せめて勇者様さえ
リデムとドゥケが出会ったのは、ある戦場でのことだった。当時からリデムは騎士や戦士達を支援する魔法使いとして前線で戦っていた。でもこの頃はまだ、後方から攻撃魔法で援護するのが主な役目だった。
だけど魔王軍の勢いが強く、戦力差そのものは大きく開いていなくても人間の側は押され気味だったという。
リデムも懸命に戦ったが、仲間達は次々と倒れ、彼女も劣勢を肌に感じて精神的に疲弊していた。
『せめて勇者様さえいてくれたら……』
いくつかの戦場には<勇者>と呼ばれる、騎士よりも戦士よりも強い退魔の力を持った者が先頭に立ち、次々と魔王軍を倒していったそうだ。
けれど<勇者>の数は絶対的に少なく、いくら一騎当千の力を持ってはいても全ての戦場をカバーすることはできなかった。リデムがいた部隊も、魔王軍の侵攻を遅らせることだけが役割の、ある意味では単なる障害物のような存在でしかなかった。戦死者が出れば新しい人間が補充されるだけの、要するに捨て駒の寄せ集めだったのかもしれない。
それでも、自分達が突破されれば人の世界は終わると、リデム達は必死に戦った。
傷付き、疲れ果て、心がそれに悲鳴を上げて凍り付いても戦った。
でもある日、身長三メートルを超え、人間の体よりも大きな戦斧を自在に振り回すオーガに率いられた魔王軍の部隊がリデム達の野営地を急襲。疲れ果てた彼女達にはそれに抗う力は残されていなかった。
リデム自身も
『…死ぬ…私もこれで死ぬんだ……』
思えば幸薄い人生だった。両親は魔物に殺され、施設で魔法使いとしての適性を見出されたもののその修業はもはや非人道的なもので、命の危険に晒すことで強制的に魔法の力を引き出すというものだった。実際それで、彼女と一緒にいた孤児達が何人も命を落とした。死ぬか、魔法使いになるかという二者択一だった。

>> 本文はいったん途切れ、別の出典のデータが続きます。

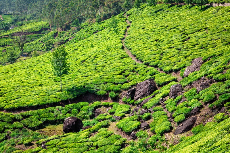 Керала Индия фон путешествия - плантации зеленого чая в Муннаре с низкими облаками, Керала, Индия - туристическая достопримечательность

そんな中でかろうじてリデムは生き抜き、魔法使いとして戦いに赴いても、待っていたのは修行以上の過酷な戦場だった。それまでの散発的な攻撃ではなくて、組織立った本格的な侵攻が始まったのが、ちょうど彼女が配属された頃だった。非人道的な修行と思ったけれど、それでも戦場に比べればまだマシだったと彼女は思い知らされた。
いっそ、修行で命を落としていた方が苦しまずに死ねたかもしれない。そう考えてしまうほどの……
『せめて恋の一つくらいしたかったな……』
死の魔法を浴びて体はもう動かず、迫りくるゾンビ兵にさえ抗えない状態で、リデムは涙を流しながらそう思ったのだった。
なのに、そんな彼女の耳に届いた声があった。
「大丈夫だ。俺が死なせない」
それがドゥケだった。ドゥケの剣がリデムの体に触れた瞬間、死の魔法は無効化され、力が溢れた。
「今から俺が奴らに突っ込む。援護頼むよ」
体を起こしたリデムの目が、オーガへと向かって走っていくドゥケの背中を捉えていたのだった。